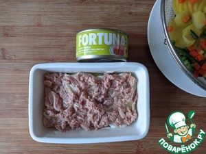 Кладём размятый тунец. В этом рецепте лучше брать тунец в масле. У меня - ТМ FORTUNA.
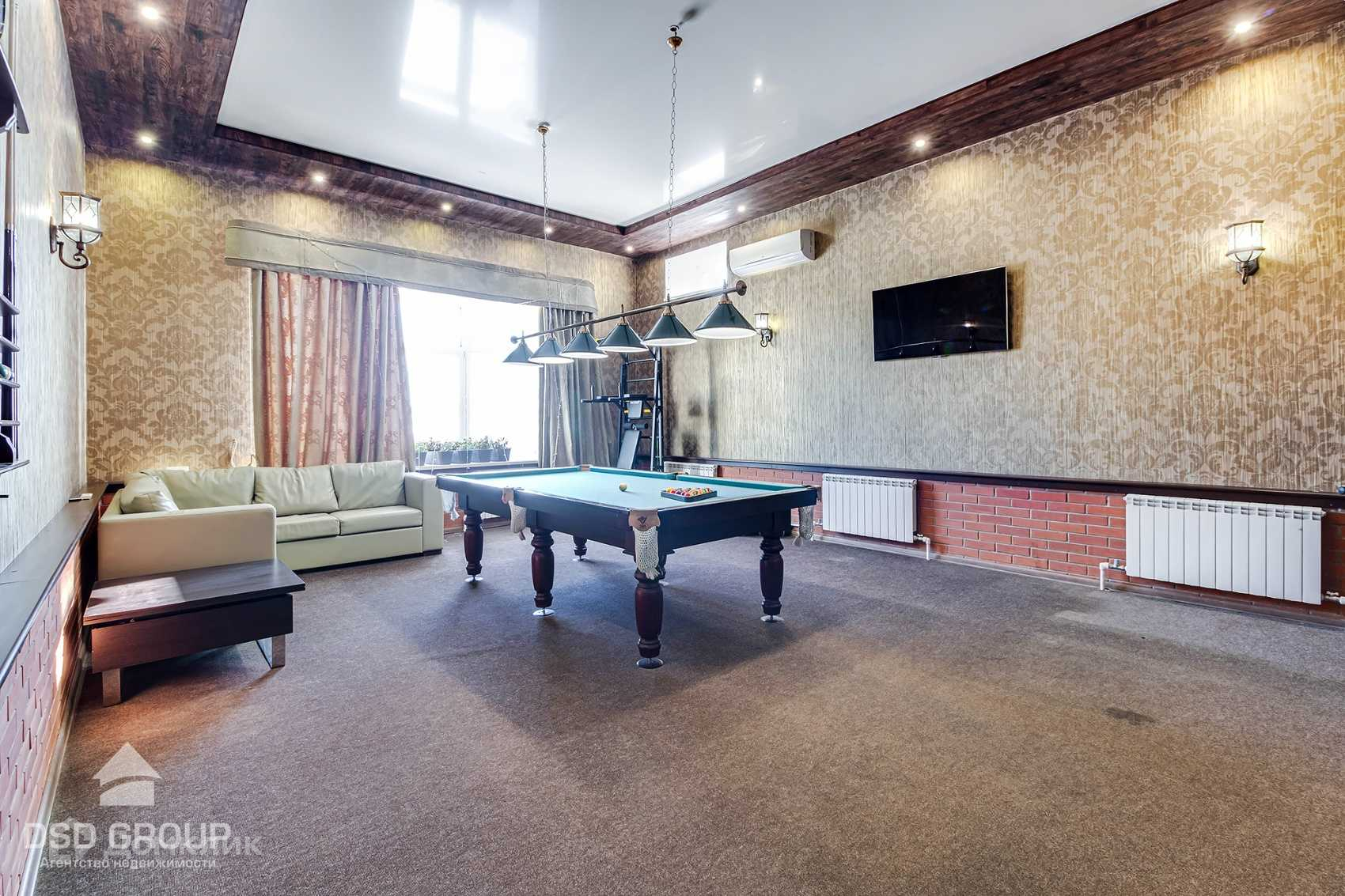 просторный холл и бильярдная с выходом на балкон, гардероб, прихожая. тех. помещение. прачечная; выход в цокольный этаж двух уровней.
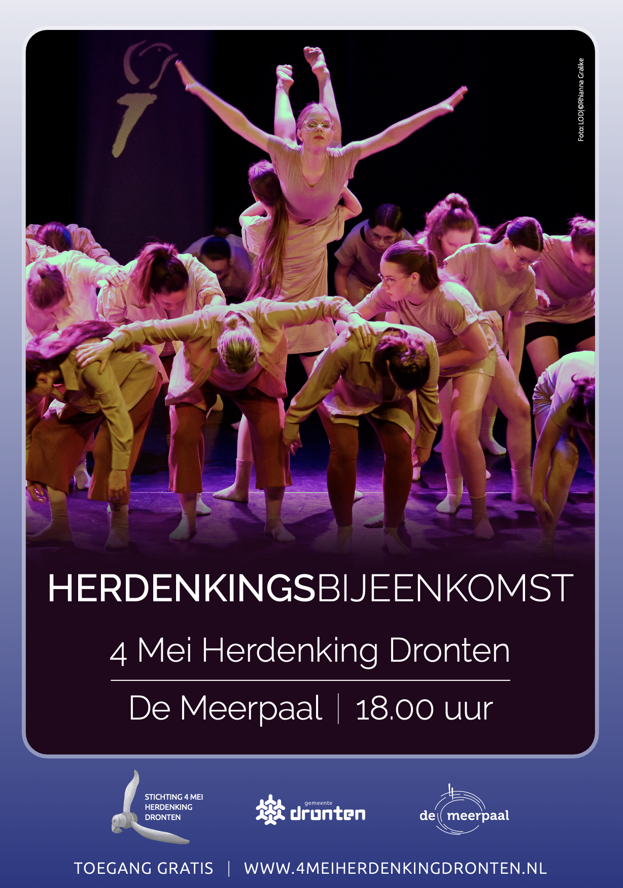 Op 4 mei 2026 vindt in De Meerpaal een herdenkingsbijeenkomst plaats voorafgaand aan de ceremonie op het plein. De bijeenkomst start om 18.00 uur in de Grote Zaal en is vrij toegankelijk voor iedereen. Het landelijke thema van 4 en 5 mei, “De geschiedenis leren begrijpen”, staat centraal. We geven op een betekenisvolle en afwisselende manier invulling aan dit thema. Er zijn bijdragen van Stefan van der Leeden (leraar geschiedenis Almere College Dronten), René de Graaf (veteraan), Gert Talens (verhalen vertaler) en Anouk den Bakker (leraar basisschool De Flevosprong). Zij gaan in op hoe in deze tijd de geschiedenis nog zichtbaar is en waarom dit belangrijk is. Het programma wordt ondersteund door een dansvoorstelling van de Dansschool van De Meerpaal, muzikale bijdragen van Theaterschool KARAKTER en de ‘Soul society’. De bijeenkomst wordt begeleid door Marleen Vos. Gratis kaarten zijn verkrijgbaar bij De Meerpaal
+++++
▸ **WHAT IS EXPECTED**
Give again, word for word, the lines above from the first one through the one containing "просторный холл и"; no pictures.

▸ **RESPONSE TO THE EXERCISE**
 Кладём размятый тунец. В этом рецепте лучше брать тунец в масле. У меня - ТМ FORTUNA.
 просторный холл и бильярдная с выходом на балкон, гардероб, прихожая. тех. помещение. прачечная; выход в цокольный этаж двух уровней.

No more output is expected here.